While economically nothing has changed when entities adopt NZ IFRS 16 (i.e. it is just a change in accounting treatment), the adoption of NZ IFRS 16 can “mechanically” result in an immediate erosion of headroom - and consequentially, potentially give rise to impairment.
Differences between the WACC rate and the discount rate used under NZ IFRS 16
Prior to NZ IFRS 16, the lease payments were reflected in the DCF as operating expenses, and were therefore being discounted at the WACC rate.
Now, under NZ IFRS 16, these same lease payments are:
i. Removed from the DCF’s operating expense cash outflows (that are discount by WACC)
ii. Included in the determination of the RoU Asset recognised (that are discounted by the associated cost of additional debt).
This results in both an increase to the discounted net cash flows, and the asset carrying amounts to be supported.
However, because the net cash flows are discounted at a higher rate (i.e. the WACC rate, which incorporates the higher costs attached to equity (refer section 6. above))), the increase in discounted cash flows is lower than the increase in assets to be supported by those discounted cash flows.
||$10,000 per year
|Increase in free cash flows:
||$34,331 (PV of $10,000 over 5 years at 14%)
|Increase in assets:
||($39,927) (PV of $10,000 over 5 years at 8%)

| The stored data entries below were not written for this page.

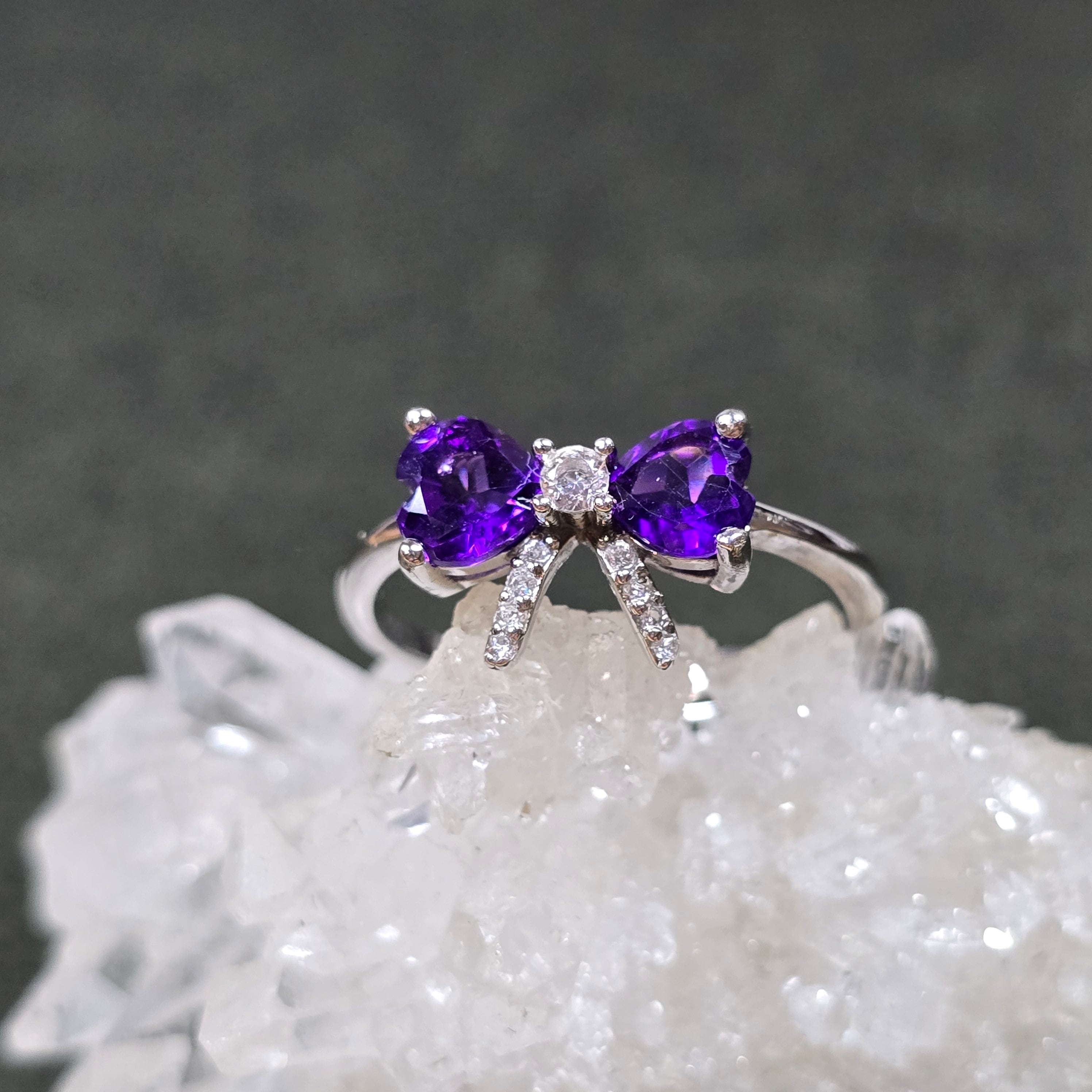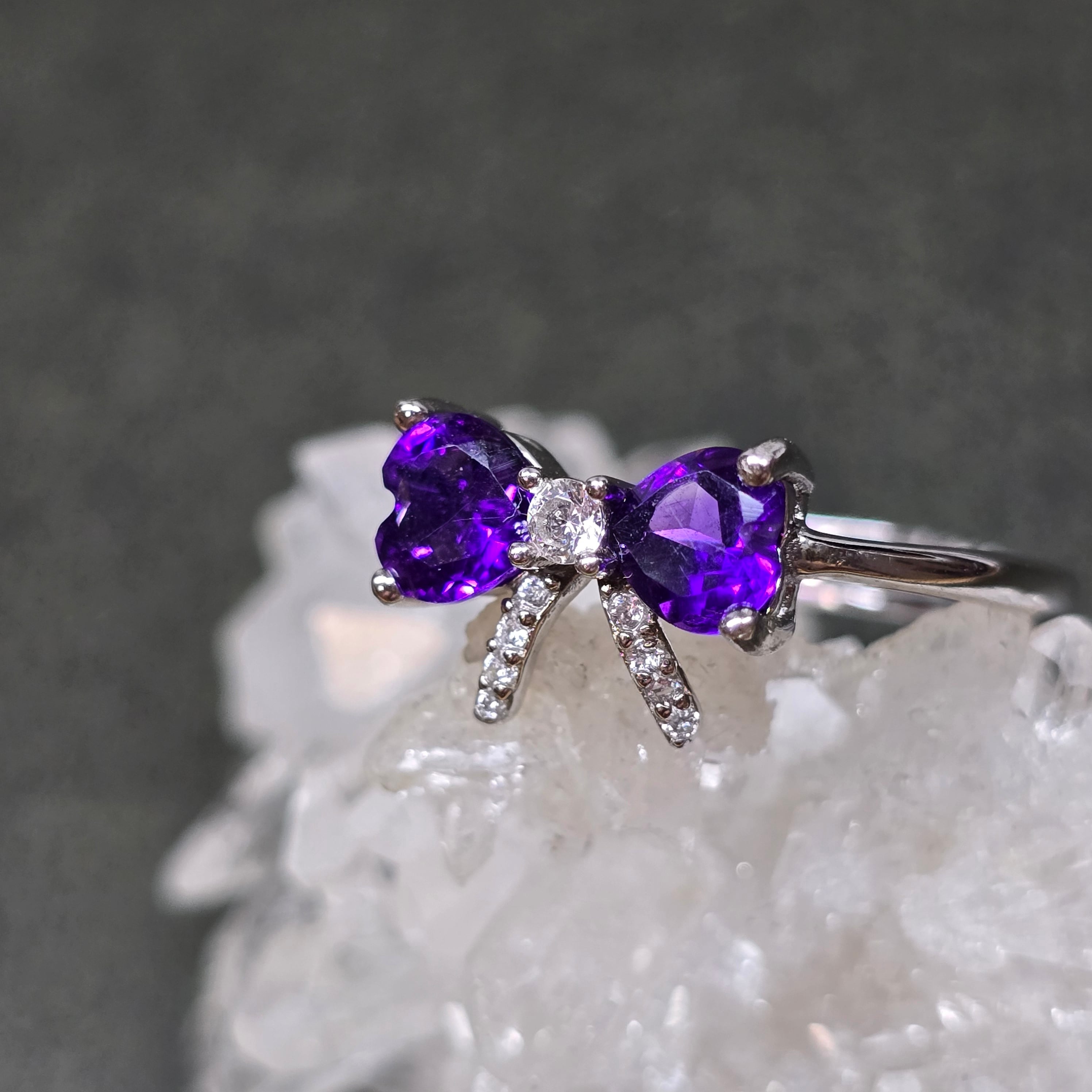 アメシスト リボン ハート リング アメジスト 指輪 シルバー キラキラ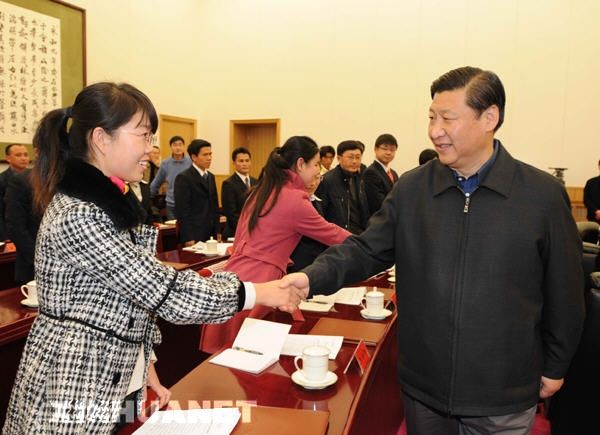 20081222日,中共中央政治局常委、中央书记处书记、国家副主席习近平主持召开大学生“村官”代表座谈会并作重要讲话。这是习近平与大学生“村官”代表亲切握手。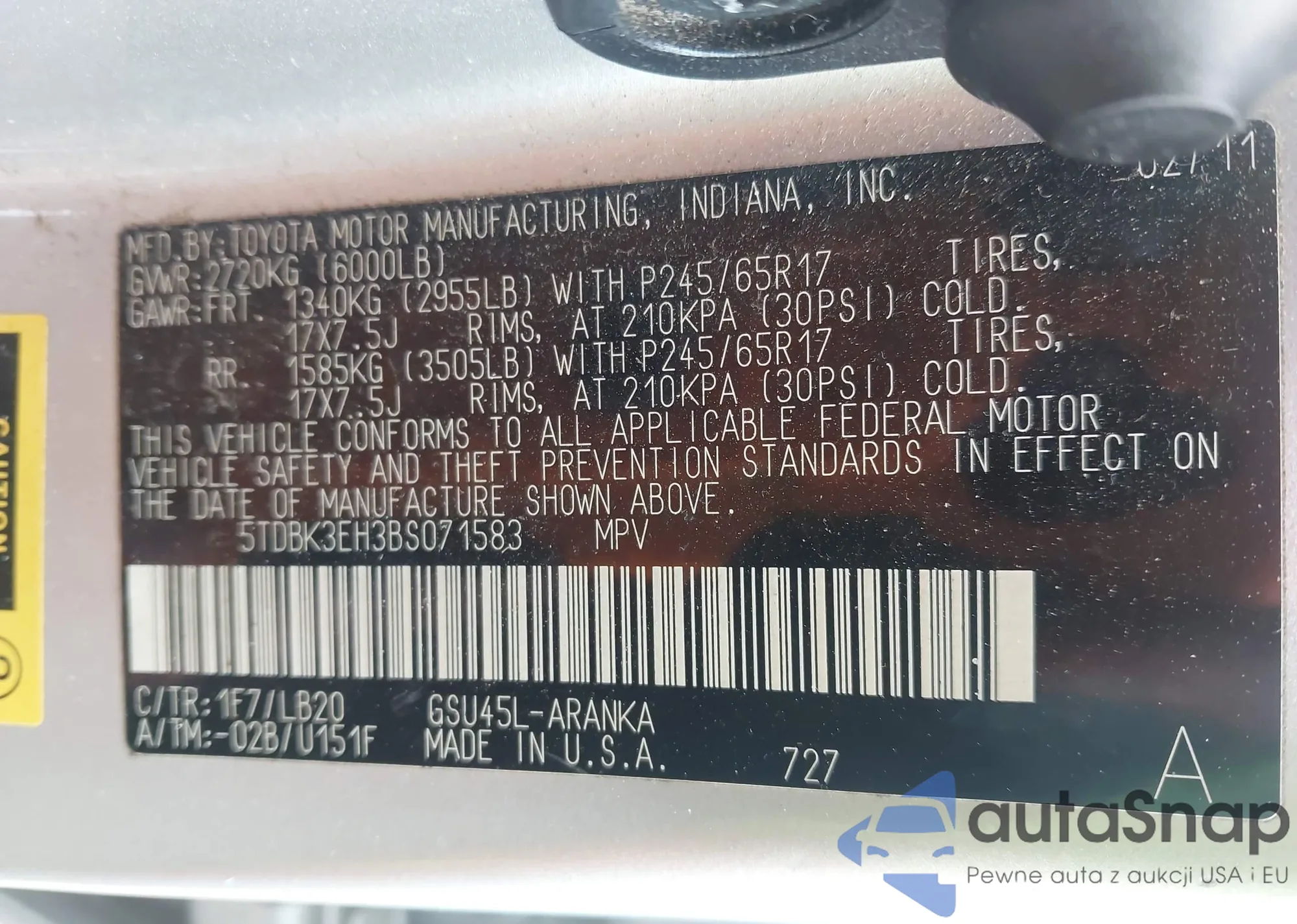 LOT: 44420061 VIN: 5TDBK3EH3BS071583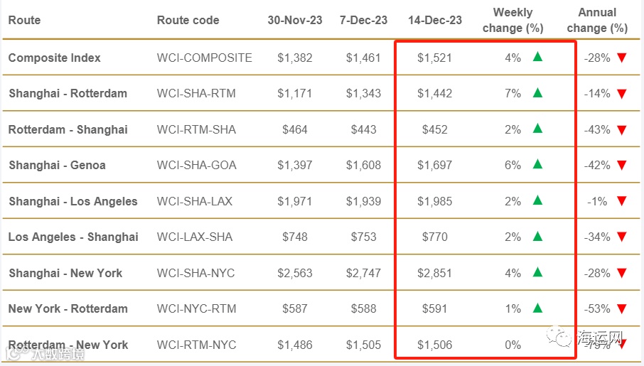 最新一期德路里世界集装箱综合指数上涨4%,所有航线全面上涨。上海至鹿特丹运费上涨7%即99美元至1442美元/FEU,;上海至热那亚的运费上涨6%即89美元1697美元/FEU。同样,上海至纽约的运价上涨了4%即104美元,达到2851美元/FEU。上海至洛杉矶的运价上涨了2%即46美元,达到1985美元/FEU。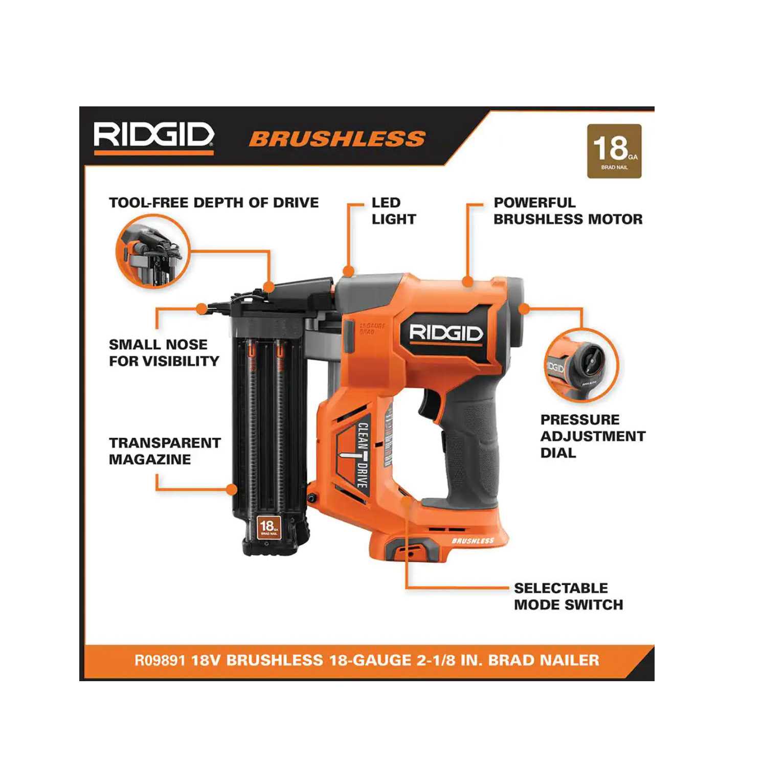 This 18V cordless brad nailer is more compact and lighter weight compared to the previous model (R09890B). Featuring CLEAN DRIVE Technology, this brad nailer boasts 17X more consecutive perfect drives than the competition. CLEAN DRIVE Technology means you can spend less time fixing and more time working. This brad nailer has a small nose for visibility, drives flush at all angles, and no driver blade slip. Paired with any RIDGID 18V battery, you get all the power of a pneumatic nailer in a cordless tool. With no compressor, no hose, and no gas cartridge, this cordless brad nailer enables faster set-up and easier maneuvering on the job site, driving 18-gauge nails from 5/8 in. to 2-1/8 in. The included battery and charger are compatible with all RIDGID 18V Tools. Best of all, this tool is 100% compatible with all RIDGID 18V batteries, and with registration, is backed by the Industry Leading Lifetime Service Agreement, providing FREE seals, FREE pistons, and FREE driver blades – For LIFE. Brad Nailer includes a belt clip, 2 non-marring pads, and operator’s manual.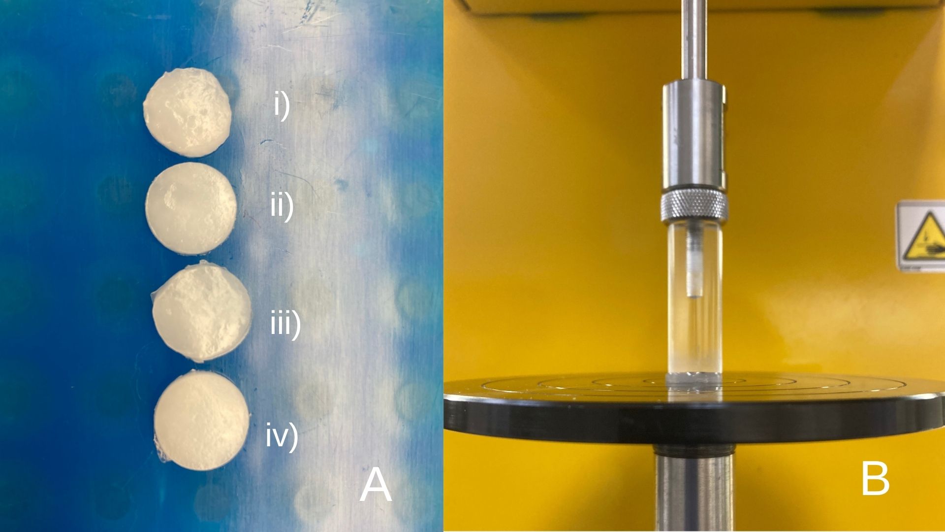 Figure 1. Showing the PVA cryogel formulations and mechanical properties test set-up using the texture analyzer (TA) CT3-1000 (Brookfield, MA, USA). (A) i) 5% PVA Cryogel (unloaded) ii) 10% PVA Cryogel (unloaded) iii) 5% PVA Cryogel + 125mg Dextromethorphan Hydrobromide iv) 10% PVA Cryogel + 125mg Dextromethorphan Hydrobromide. (B) Represents PVA Cryogel on TA plate being assessed.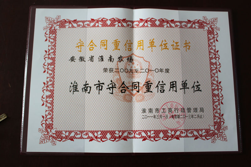 近日,淮南农场荣获淮南市“2009-2010年度守合同重信用单位”称号,这是该场连续第六年获此殊荣。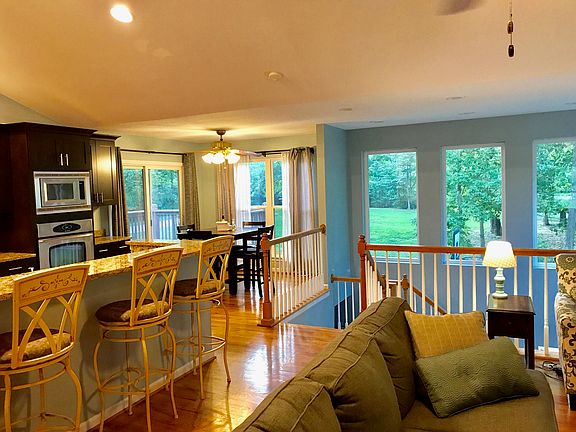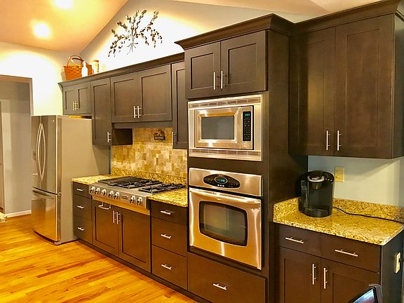 A simply lovely atrium ranch with SO MANY awesome updates: You’re welcomed in at the dedicated foyer to an amazing vaulted great room with lovely stacked stone gas-ventless fireplace complete with built-in nooks & a raised hearth & a formal dining space in addition to the beautifully updated eat-in kitchen with custom cabinets & crown, granite counters & work space abound, wonderful breakfast bar, stainless steel appliances including a 6-burner Jenn Air deluxe gas stove in alcove with ceramic tile surround, wonderful Maytag refrigerator with side-by-side doors & self-serve ice/water dispenser & pull-out deep-drawer freezer, built-in microwave & oven. Walkout too from kitchen dining to the 20x10 partially covered deck with paddle fan & extended outdoor living! Hardwood floors throughout main floor living areas, ceramic tile floors in all three bathrooms & main floor laundry. Wonderful master suite with tray ceiling & master bath boasts dual vanities, jetted tub, separate shower & private toilet plus a custom WIC & walkout to the private deck too. Also find tasteful & energy-efficient ceiling fans throughout this lovely home! Main floor bedrooms 2 & 3 are spacious with new carpet & share the semi-private full hall bath. Main floor custom laundry (including the new(er) front load washer & dryer (!!) with storage space galore including the additional alcove space between it & kitchen that boasts additional closet & kitchen pantry. Head to the beautiful wall of windows & down the lovely staircase to the predominately finished lower level complete with walkout to patio & the wonderful huge backyard & exceptional additional recreation space below. Find brand new engineered hand-scraped hardwood flooring, a built-in TV/entertainment nook, third full bath, 4th large bedroom plus an additional large sleep or office space. Find closets & great storage throughout this wonderful home as well as 400-amp electrical service, a new gas tankless hot water heater, new water softenter sysem, an oversized 2-car garage (trussed for possible bonus room over the garage!) & a wonderful semi-private acre lot. Exterior is mortarless Nova Brick with maintenance free vinyl siding, architectural shingled roof with a cedar shake look & this home has been thoughtfully & lovingly maintained & updated since its 2004 build! Look NO further… YOU ARE HOME!!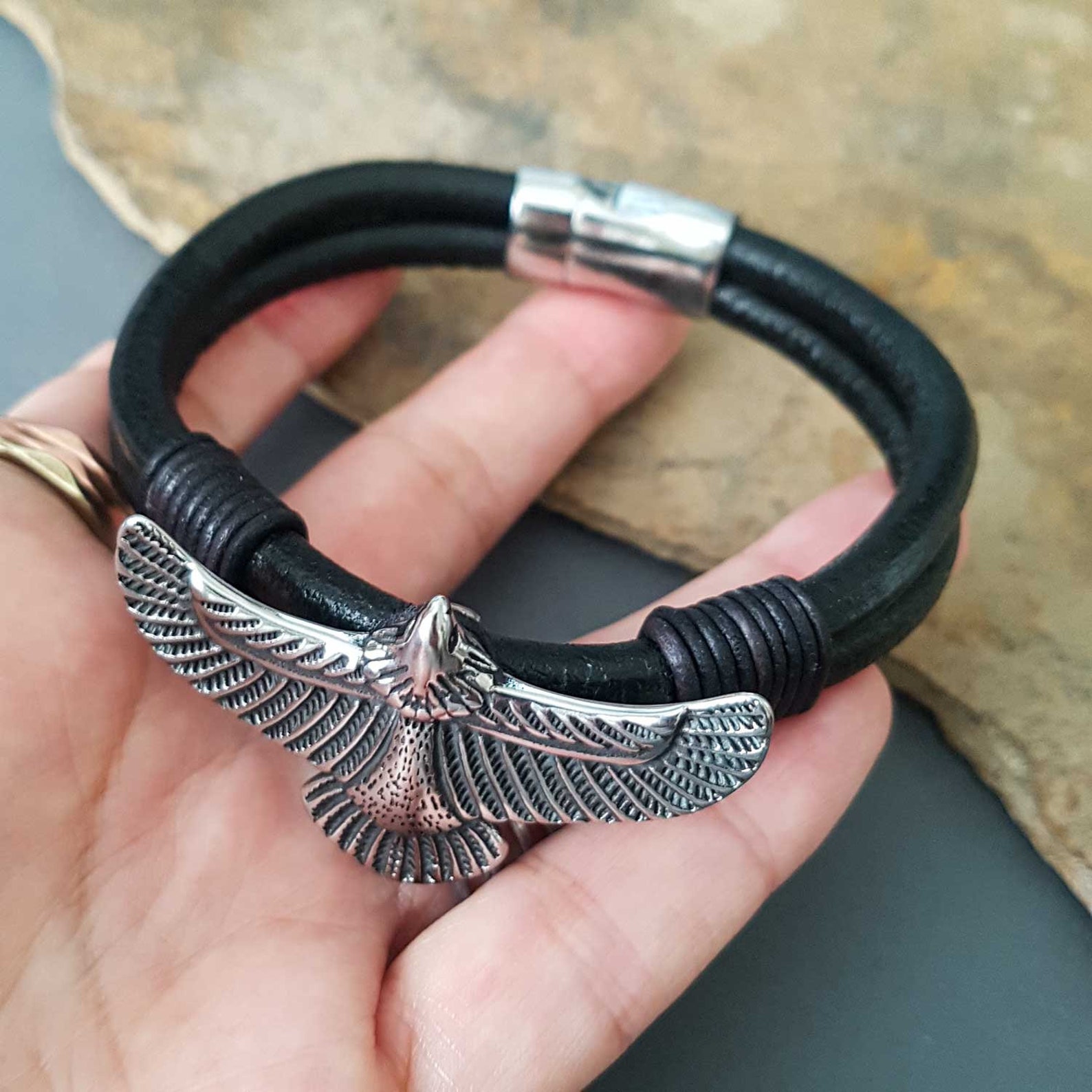 Mens eagle bracelet Clearance, Mens Eagle Bracelet Black Leather Braceletpersonalised Cuff - Etsy UK Clearance

ii. Method used to adopt NZ IFRS 16
If an entity has used the Modified Retrospective Method to adopt NZ IFRS 16, together with that added practical expedient to simply set the RoU Asset equal to the Lease liability at adoption date, then the RoU Asset will technically be artificially higher than it otherwise would be (refer to our previous Cheat Sheets for further information).
Adding to the asset base in this way will inherently erode into previous headroom, all other things being equal.
 The entity’s incremental borrowing rate (IBR).